The reduced government support came as no surprise to many. Howard Weston, commercial energy broker for Midland Business Solutions, says: “It is in line with the domestic price cap, both are scaled-back versions of the original, which I think everyone was expecting. Hopefully, with current prices falling, for any newly arranged contracts, the smaller amount of energy bill relief will be countered by the reduced cost of the contract.
“It’s not ideal in any shape or form as businesses will still be seeing increases of up to 300%, which we all know will result in many businesses simply becoming unviable. Tough times are ahead but hopefully, we will see wholesome energy prices drop for a sustained period, which is the only long-term solution for both businesses and the government.”

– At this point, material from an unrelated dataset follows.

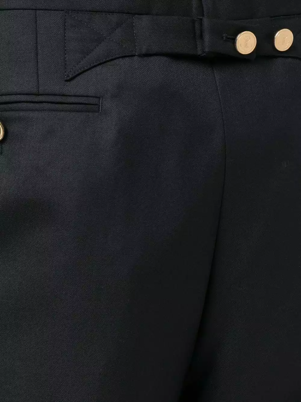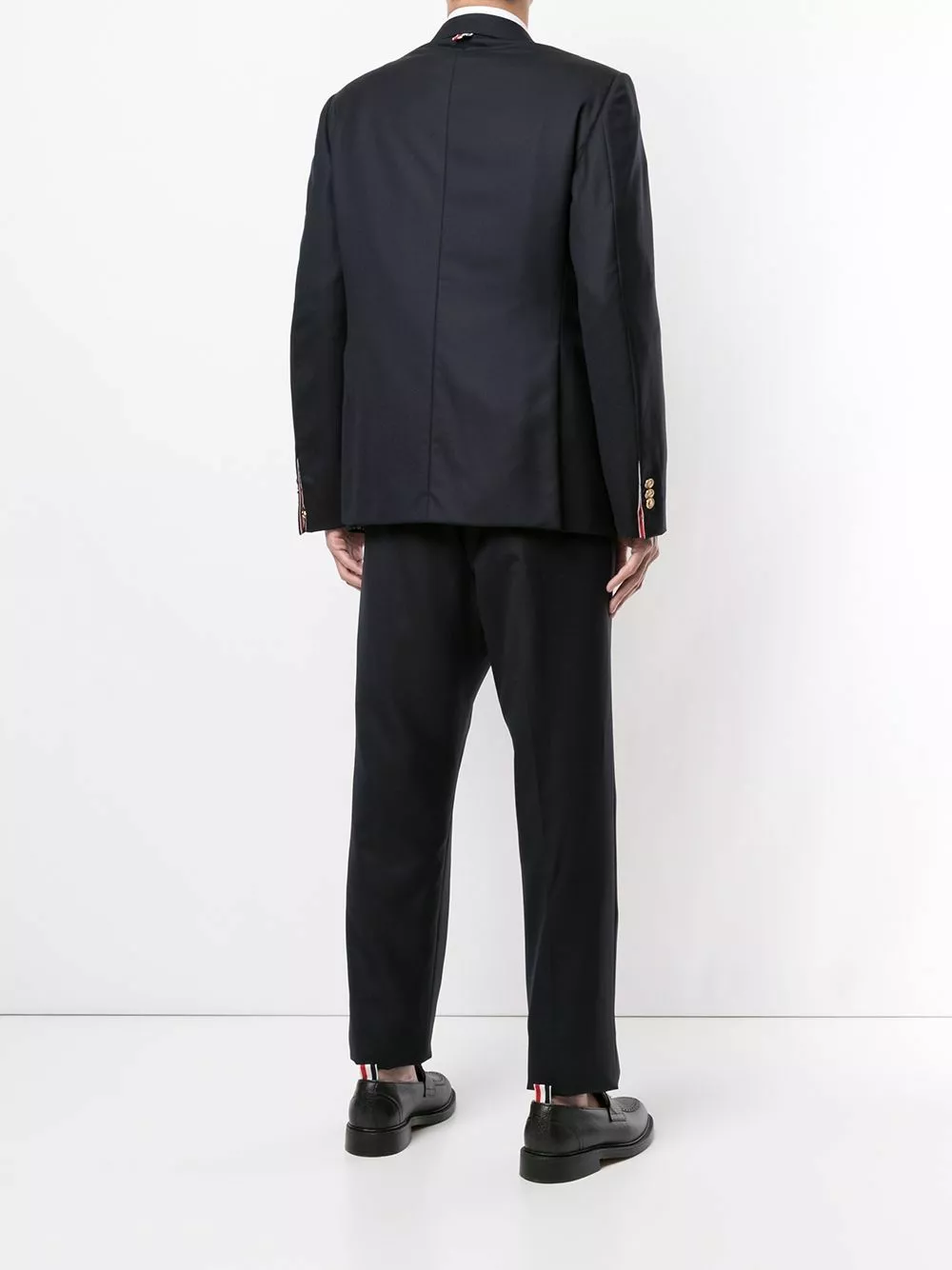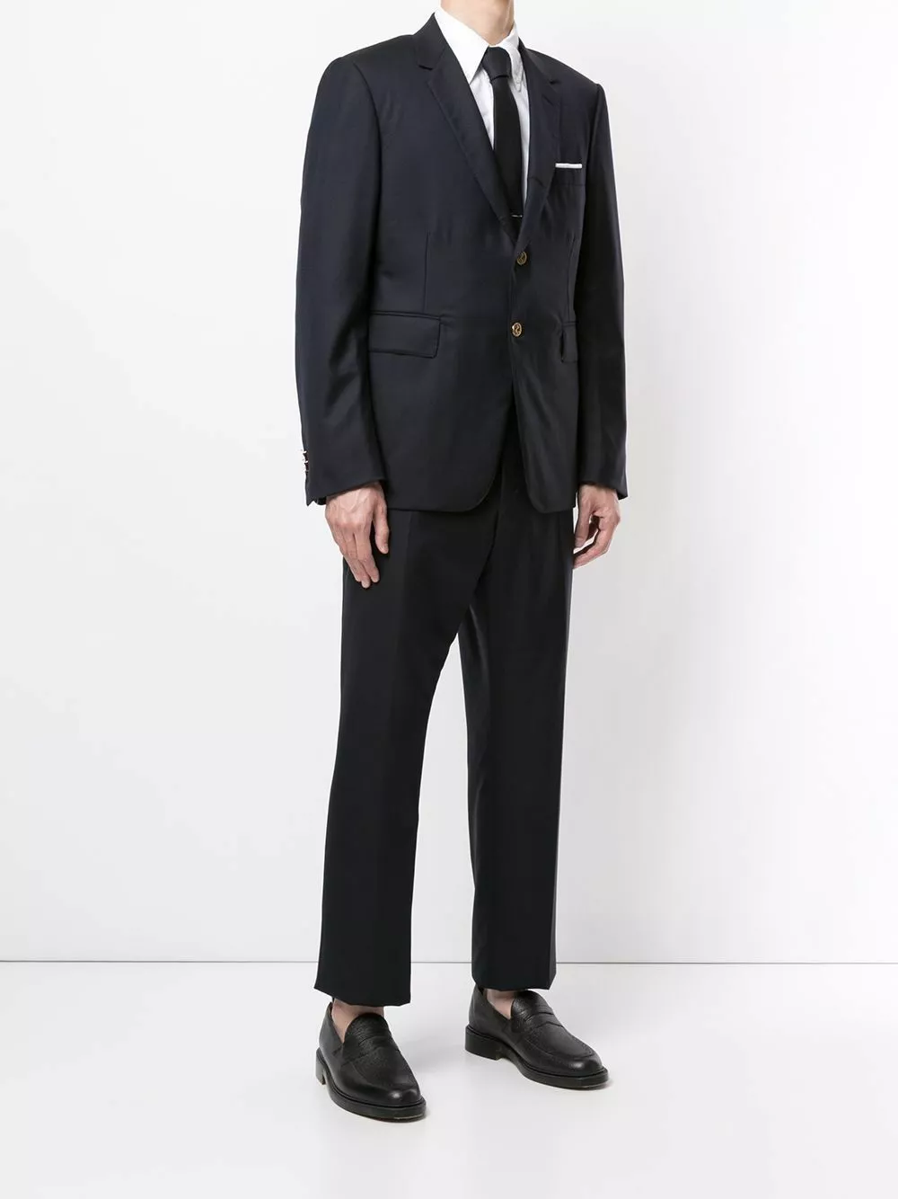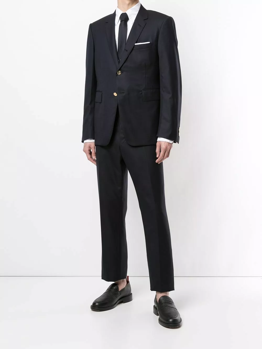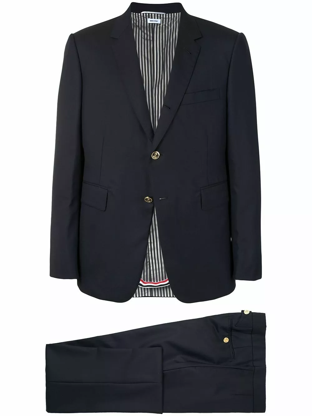This navy blue suit bears all the hallmarks of Thom Browne, its single-breasted silhouette expertly made from ultra-fine super 120s wool – a luxuriously soft cloth that exudes quality. The jacket fastens with two buttons and is finished with notched lapels, a single welt pocket, two flap pockets and buttoned cuffs, with a double vent and signature striped tab to the rear. Meanwhile, the interior is fully lined with a striking striped fabric. The trousers take a straight cut, topped with a waistband, concealed fastening, side pockets and buttoned welt pockets.

Andrew Crook, president of the NFFF, welcomed the certainty that the year-long support offers, saying: “The government doesn’t have a lot of money and the scale of this issue has grown so big, there’s only so much they can do. But at least we have a longer view so we know what we are facing. It was absolutely ridiculous coming into January with no idea what was happening after March. How can you run a business like that?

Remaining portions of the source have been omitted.